MutS affinity chromatography increases the proportion of fragments
differing from each other and the cognate endogenous gene. Thus,
recombination between the incoming fragments and endogenous genes
results in greater diversity.
[0113] FIG. 3 shows a second strategy for MutS enrichment. In this
strategy, the substrates for MutS enrichment represent variants of
a relatively short segment, for example, a gene or cluster of
genes, in which most of the different variants differ at no more
than a single nucleotide. The goal of MutS enrichment is to produce
substrates for recombination that contain more variations than
sequences occurring in nature. This is achieved by fragmenting the
substrates at random to produce overlapping fragments. The
fragments are denatured and reannealed as in the first strategy.

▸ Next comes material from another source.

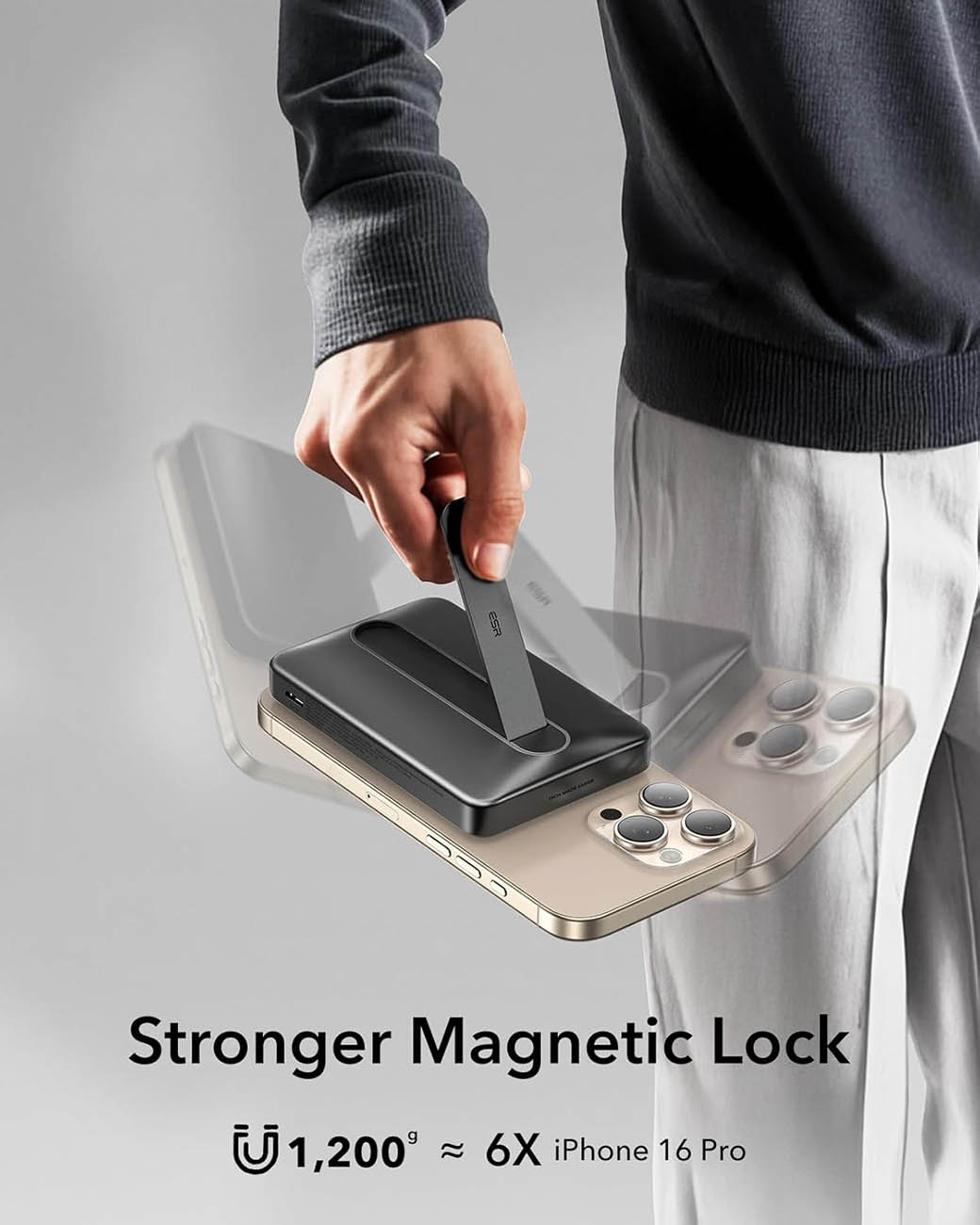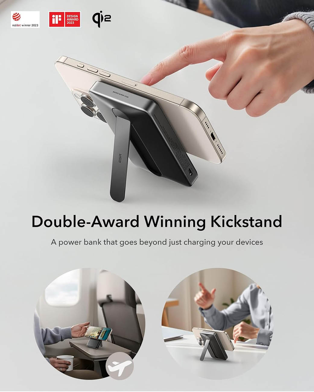 بطارية ESR Qi2 المغناطيسية / سعة 10 الاف mAh / مع ستاند مدمج / مدخل تايب سي قوة 27 واط / تيتانيوم

Reannealing generates some mismatched duplexes which can be
separated from perfectly matched duplexes by MutS affinity
chromatography. As before, MutS chromatography enriches for
duplexes bearing at least a single mismatch. The mismatched
duplexes are then reassembled into longer fragments. This is
accomplished by cycles of denaturation, reannealing, and chain
extension of partially annealed duplexes (see Section V). After
several such cycles, fragments of the same length as the original
substrates are achieved, except that these fragments differ from
each other at multiple sites. These fragments are then introduced
into cells where they undergo recombination with cognate endogenous
gene's.
[0114] 2. Positive Selection for Allelic Exchange
[0115] The invention further provides methods of enriching for
cells bearing modified genes relative to the starting cells. This
can be achieved by introducing a DNA fragment library (e.g., a
single specific segment or a whole or partial genomic library) in a
suicide vector (i.e., lacking a functional replication origin in
the recipient cell type) containing both positive and negative
selection markers. Optionally, multiple fragment libraries from
different sources (e.g., B. subtilis, B. licheniformis and B.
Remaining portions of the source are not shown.